Buying a Domain Name

The first thing we need to do is purchase a domain name. You might think you could just use your hostname and use DNS rewrites in your local DNS to route traffic to your server with something like media.myserver.local. The importance of a publicly registered domain name will become apparent later in this tutorial when we get to SSL certificate for HTTPS connections.

Im personally cheap so I purchased my domain from Namecheap. There are other options like [hostinger] or squarespace. This domain name is only going to be used by you so you dont need to pay a premium for .com or .ca. You’ll notice less common TLDs like xyz are much cheaper and honestly, in my opinion, much more fitting for a home lab.

Connecting your domain with Cloudflare

Once you purchase the domain youll have to point the nameservers to cloudflare and to do that youll need a cloudflare account so go ahead a make that. Heres the link.

In the Namecheap Portal go to: Manage > Domains > Nameservers and set the option to “Custom DNS”. And paste the nameservers you obtained from cloudflare. There will be 2 and theyll look like [name].ns.cloudflare.com

## Insert Image Here ##

Creating a DNS entry

In cloudflare, youll need to create a dns entry for you for newly aquired domain to point to your server. In cloudflare go to Domains > YourDomain.xyz > DNS Records

And create an wildcard “A” record using the tailscale IP for your home server.
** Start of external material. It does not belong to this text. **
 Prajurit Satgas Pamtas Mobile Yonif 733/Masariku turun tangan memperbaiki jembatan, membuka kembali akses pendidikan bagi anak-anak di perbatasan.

If your not familiar with this termonoly, an “A” record is simply when you associate a domain name to an IPv4 address and a wildcard is way of pointing all subdomains to the same server.

## Insert Image Here ##

Note Because your server is on your tailnet which only you (and maybe some friends or family) have access to, anyone who attempt to resolve your domain will not be able to access your services.

The Reverse Proxy

So now you have a domain and are pointing any request for that domain, and its subdomains, to your server. But what happens when the request gets to the server. How will the server know what service to return to you.

Enter the reverse proxy. In simple terms, the reverse proxy is a middle man between you and your services. It looks at the subdomain in the request and returns the service from the backend based on that. It does other thing but thats that the basics of it.
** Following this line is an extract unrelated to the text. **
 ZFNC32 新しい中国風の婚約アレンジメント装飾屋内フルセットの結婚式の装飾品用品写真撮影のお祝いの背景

Again, I want to highlight that since the domain resolves to a tailscale ip only devices on your tailnet will be able to access the server. There is a caveat I would like to point out. This does not work for node sharing within tailscale as tailscale assigns different IP address for the persons the node is share with. So they IP they recieve from cloudflare will not be the same as the IP in their tailnet.

The specific reverse proxy I use is called Caddy. There are other like Nginx, Traefik, and one a recently came accross, Ferron which I plan to try and write about in the future.

Caddy is unqiue in that is handle SSL certificate automatically. SSL certificates are what allow you to have HTTPS. You might be wondering why HTTPS matters since were using tailscale and our traffic is already encrypted and secure. You’re correct, but the neither your webbrowser or your services know that and they will through errors all day without it.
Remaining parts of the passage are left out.